Dataset records →
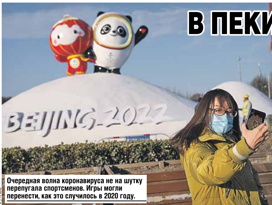
Очередная волна коронавируса не на шутку перепугала спортсменов. Игры могли перенести, как это случилось в 2020 году.
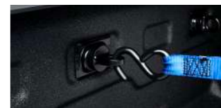
적재함 고리 세트 (구성: 4 pcs) : 130,000
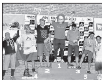
Campeões In Line
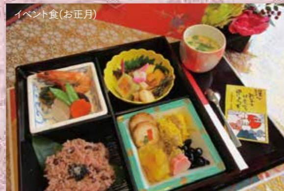
イベント食(お正月)
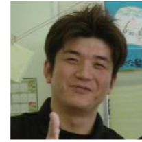
三浦 一志 ヘアーサロン髪切屋
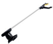
Pince de préhension Handi Reacher - 9,90€

Les produits doivent être retournés neufs, complets, intacts et dans leur emballage d'origine.
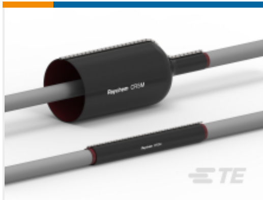
TE 产品编号002611-000 CRSM-143/36-1000/239(S1)
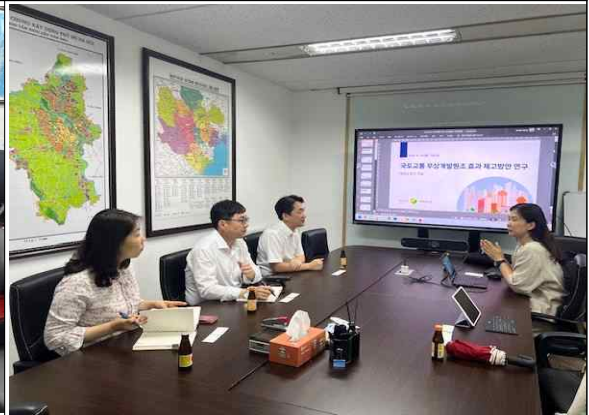
▲ LH 베트남지사 면담
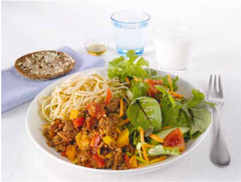
KUVA 2. Urheilijan lautasmallin avulla voidaan havainnollistaa sitä, mistä terveellinen ja tasapainoinen ateria koostuu. Tässä on yksi esimerkki lautasmallista, joka sopii taito- ja tarkkuuslajiuurheilijoille, painoahan pudottaville sekä muille vähän energiaa tarvitseville urheilijoille (33). Yhteistyössä: Suomen Olympiakomitea.

suorituskyvyn parantamisessa: tavoitteena on elimistön tasapainotilan löytäminen.
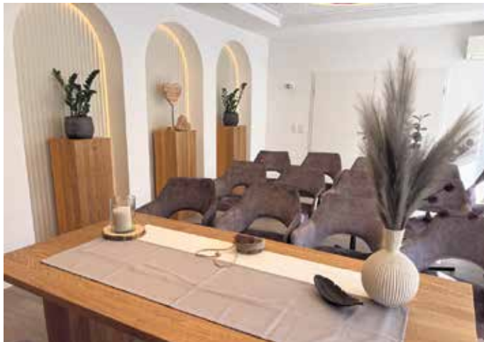
Dezent beleuchtete Rundbögen symbolisieren den Viadukt.

Stilvolle Atmosphäre für den schönsten Tag im Leben
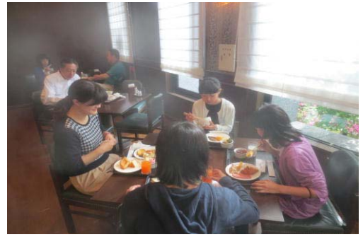
朝から女子会！（朝食③）

Exercise brief → In the entries above, find the line containing "적재함 고리 세트 (구성: 4 pcs) : 130,000" and the line containing "LH 베트남지사 면담"; give again exactly those two lines and every line between them, minus the pictures.

The completed task →
적재함 고리 세트 (구성: 4 pcs) : 130,000
Campeões In Line
イベント食(お正月)
三浦 一志 ヘアーサロン髪切屋
Pince de préhension Handi Reacher - 9,90€

Les produits doivent être retournés neufs, complets, intacts et dans leur emballage d'origine.
TE 产品编号002611-000 CRSM-143/36-1000/239(S1)
▲ LH 베트남지사 면담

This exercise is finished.